Current data is showing that the use of neoadjuvant chemotherapy in borderline resectable pancreatic cancer remains infrequent in Australia, despite evidence suggesting impact of overall survival for patients with this disease, particularly with the use of the chemotherapy treatment FOLFIRINOX. What is clear though is that more high-quality prospective randomised evidence is needed to enable the adoption of newer treatment regimens in borderline resectable pancreatic cancer. 

Close to 100 delegates of clinicians and researchers, medical oncologists and surgeons attended the symposium in-person and online. Allied health, nurses and industry representatives also took part. In all, delegates represented 19 organisations including 7 VCCC alliance members: Western Health, Walter and Eliza Hall Institute of Medical Research, University of Melbourne, Royal Melbourne Hospital, St Vincent’s Hospital, Peter McCallum Cancer Centre and Austin Health. 

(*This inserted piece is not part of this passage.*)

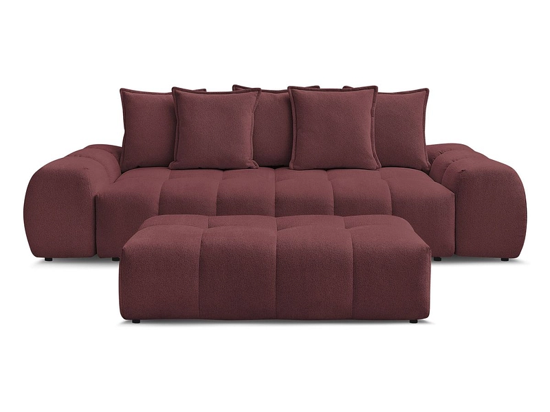 Canapé 3 places avec pouf BOBOCHIC EVEREST Tissu chiné rouge

When asked to consider whether Victoria is ready to implement a standardised approach in early stage pancreatic cancer, the response was divided. The greater majority agreed the symposium allowed them to explore research, educational or clinical practice issues in localised pancreatic cancer. A number of delegates noted their interest in forming an expert group to annually review the latest treatment evidence and make recommendations for practice guidelines in Victoria.